Reported in #3193 (openhuman-core 0.56.0, Win11, agentic_provider = "openhuman"): every run_code call returns

openai API error (404 Not Found): "This is not a chat model and thus not supported in the v1/chat/completions endpoint. Did you mean to use v1/completions?" (chat completions unavailable; responses fallback failed)

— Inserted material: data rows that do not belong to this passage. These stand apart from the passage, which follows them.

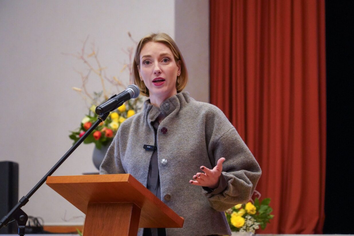 Ministre ieskicēja galvenās vadlīnijas valsts kultūrpolitikā, uzsvēra, ka ļoti svarīga ir aktīva sabiedrības iesaiste kultūrā – gan dalība amatiermākslas kolektīvos, gan kultūras satura veidošanā.
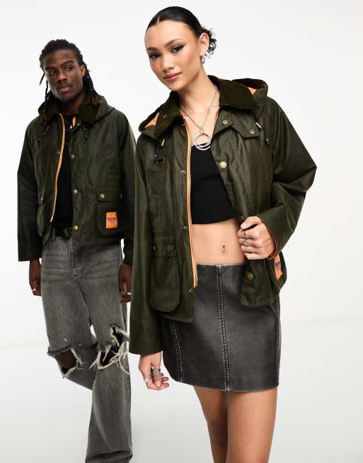 Barbour x ASOS exclusive unisex wax jacket with hood in olive
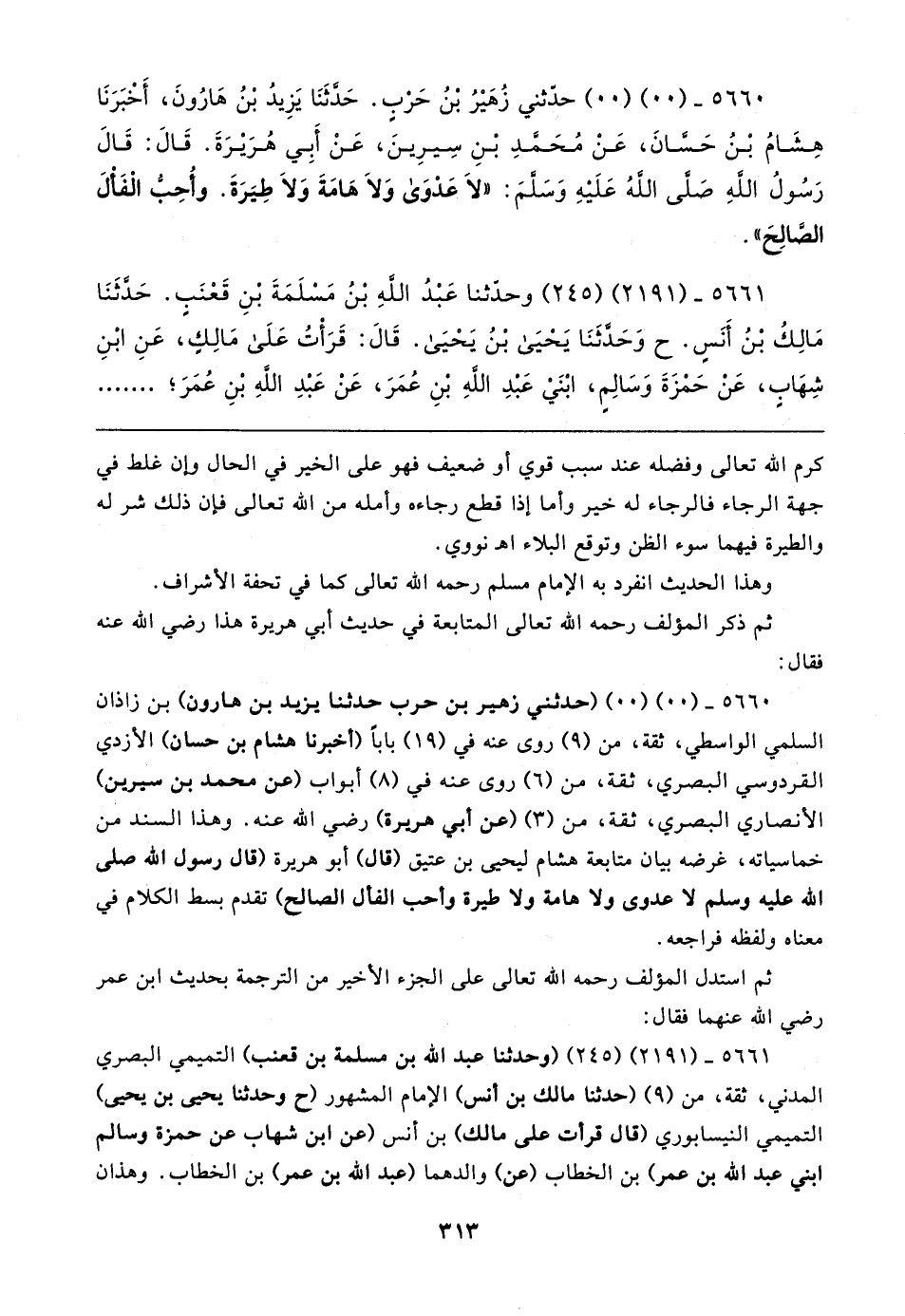 ٥٦٦٠ - (٠٠) (٠٠) حدّثني زُهَيرُ بن حَرْبٍ. حَدَّثَنَا يَزِيدُ بْنُ هَارُونَ، أَخْبَرَنَا هِشَامُ بْنُ حَسَّانَ، عَنْ مُحَمَّدِ بْنِ سِيرِينَ، عَن أَبِي هُرَيرَةَ. قَال: قَال رَسُولُ اللهِ صَلى اللهُ عَلَيهِ وَسَلمَ: "لَا عَدْوَى وَلَا هَامَةَ وَلَا طِيَرَةَ. وأُحِبُّ الْفَألَ الصَّالح".
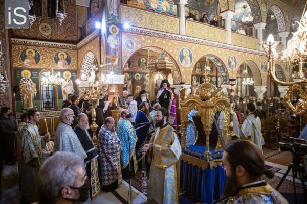 Μετέφερε, επίσης, «την ευλογία της Μητρός Εκκλησίας προς το πλήρωμα της Ιεράς Μητροπόλεως, τις ευχές του Οικουμενικού Πατριάρχου μας κ. Βαρθολομαίου, προκειμένου», όπως τόνισε, «να λάβω από εσάς τις ευχές της εγνωσμένης αγάπης και του σεβασμού του Δεσπότου σας προς την πηγή του Γένους μας».
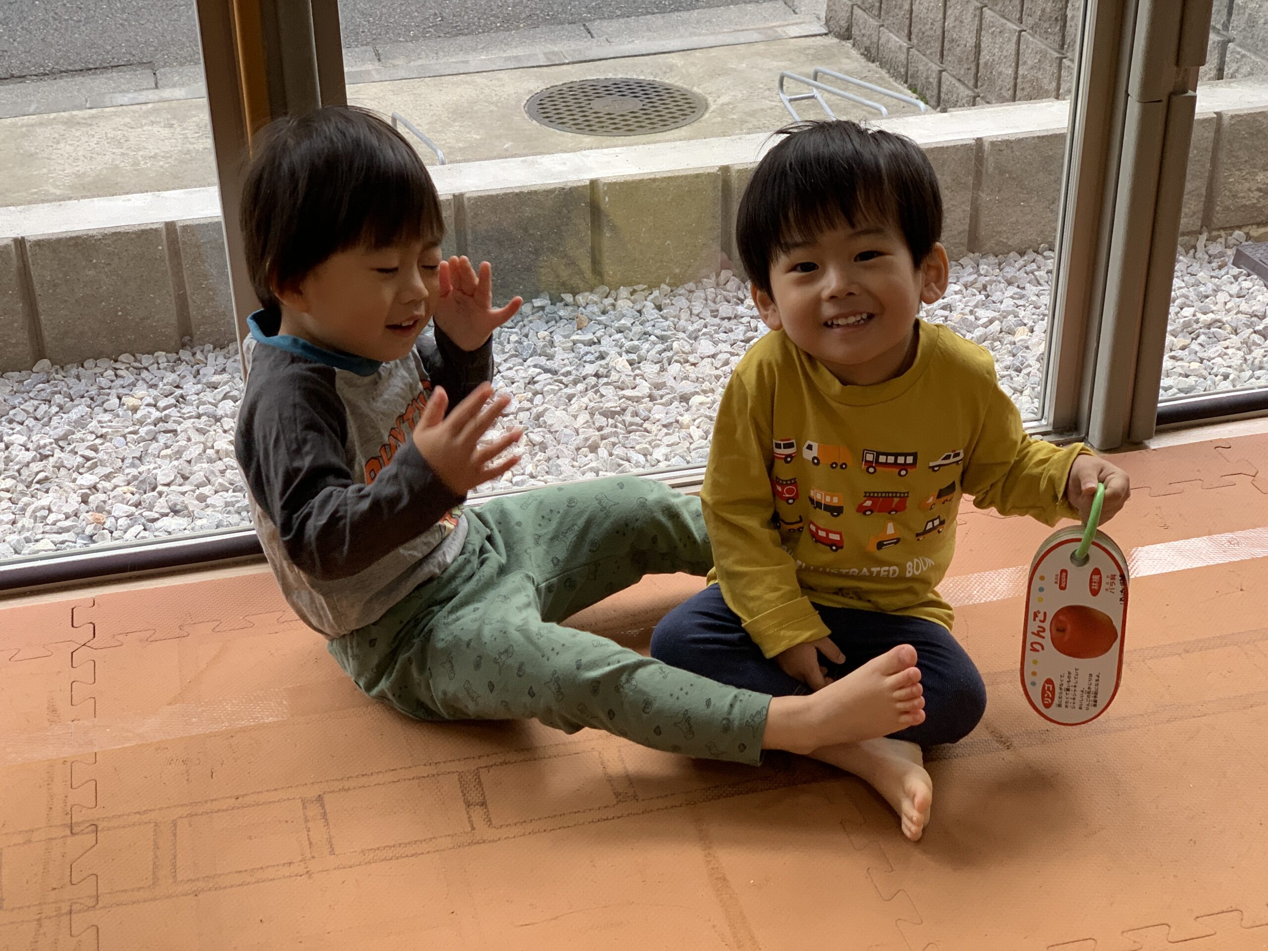 小さな手で一生懸命リズムを刻む姿がとても愛らしく、お部屋の中は笑顔と音でいっぱいになりました。
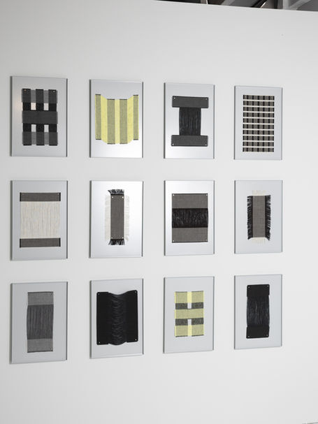By manually unravelling woven textiles, the structure of colour is revealed: threads combine into new shades. The process creates a graphic play of lines. Sometimes transparent or in motion. Sometimes strict and linear. Sometimes organically fluid.
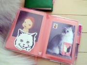 愛猫の写真・奈良美智さんのハガキ・ ネコステッカーをカバー・オン・カバーに 挟んでいます。
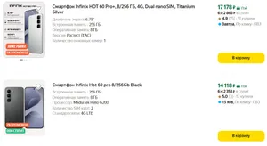 При аналогичном наполнении девайсов выбор зависит от внешних предпочтений. Версия с плюсом выглядит премиально и стоит чуть дороже. Сейчас Infinix HOT 60 PRO+ можно купить от 17 000 р. на Яндекс.Маркете. Это цена за максимальную конфигурацию с памятью 8 + 256 ГБ. Младшая «прошка» Infinix HOT 60 PRO с таким же объемом памяти обойдется от 14 200 р. Прайс снизится еще на 500 р., если применить промокод NOW500 при первой покупке. За время продаж смартфоны собрали только отличные отзывы пользователей.
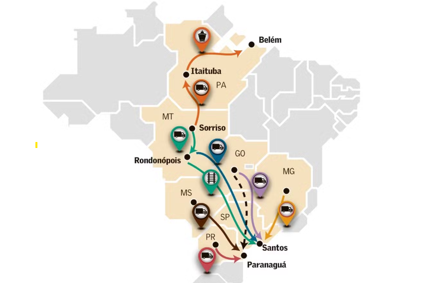 Um levantamento do Grupo de Extensão e Pesquisa em Logística Agroindustrial da Escola Superior de Agricultura Luiz de Queiróz (Esalq-LOG) mostra que, dos US$ 126 por tonelada necessários para transportar a soja do Mato Grosso até a China em 2025, US$ 88,90 foram consumidos no trajeto de 2 mil km em caminhão de Sinop (MT) até Santos (SP), mais que o dobro dos US$ 37/tonelada para levar o grão do porto paulista até o destino final, uma viagem de aproximadamente 20 mil km.
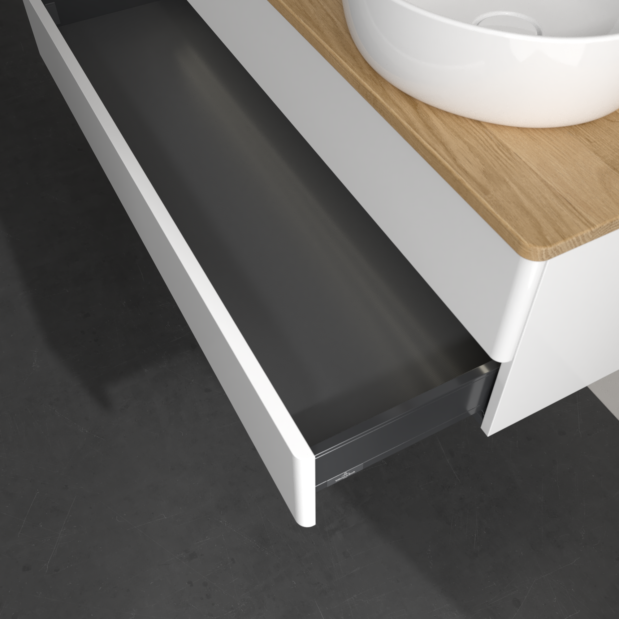 Antao Waschbeckenunterschrank, mit Beleuchtung, 2 Auszüge, 1200x360x500mm, Front ohne Struktur, Korpus: Glossy White Lacquer, Front: Glossy White Lacquer, Abdeckplatte: Honey Oak
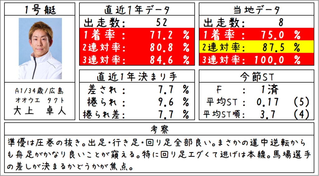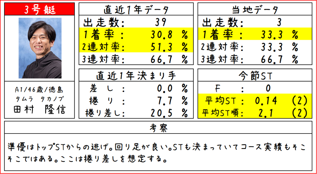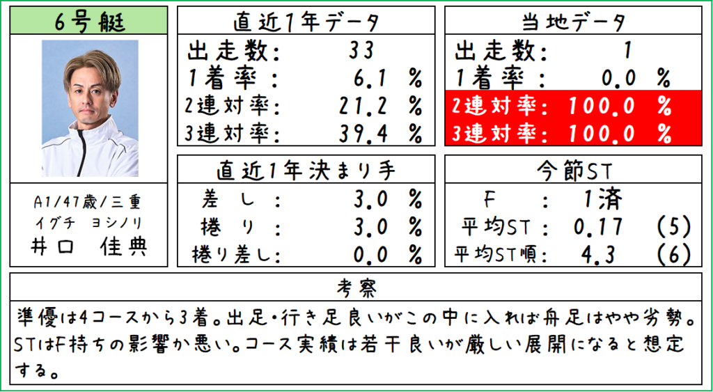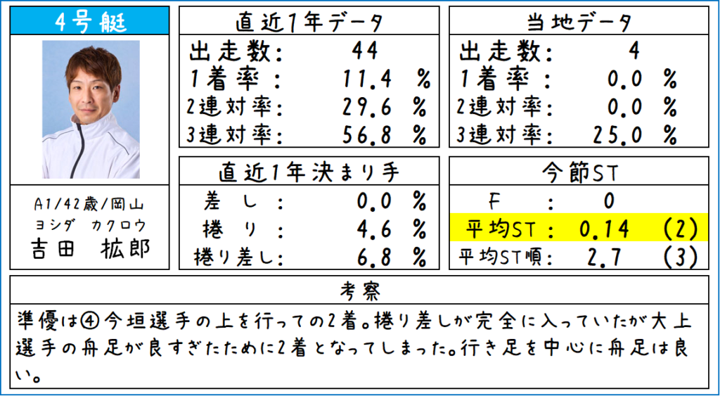 準優は4コースから3着。出足・行き足良いがこの中に入れば舟足はやや劣勢。STはF持ちの影響か悪い。コース実績は若干良いが厳しい展開になると想定する。

Root cause: OpenHuman only speaks the chat-completions API (with an optional /v1/responses fallback) — there is no /v1/completions path. When the model bound to the coding role (run_codecode_executor, model hint coding) is a completion-only model, /v1/chat/completions 404s and the responses fallback can't rescue it. The surfaced error was opaque and gave no remediation. The reporter also observed the orchestrator presenting the failure as success and fabricating output — the bare error text alone didn't stop a weak model from narrating a fake result.

Solution

  • compatible.rs: add is_completion_only_model_404 (tight match on the OpenAI signature — ordinary "model does not exist" 404s are intentionally not matched) and completion_only_model_message (names the model + "assign a chat-capable model"). A shared completion_only_404_guard is invoked at all three chat 404 handlers and short-circuits before the doomed /v1/responses fallback.
  • dispatch.rs: route subagent-failure results through format_subagent_failure, which states the task did not run and instructs the model not to report success or fabricate output, while preserving the underlying error.
  • Deliberately not adding a legacy /v1/completions transport — the real cause is a misconfigured model, so the fix is an actionable diagnostic, not a new (deprecated) endpoint surface.

Submission Checklist

If a section does not apply to this change, mark the item as N/A with a one-line reason. Do not delete items.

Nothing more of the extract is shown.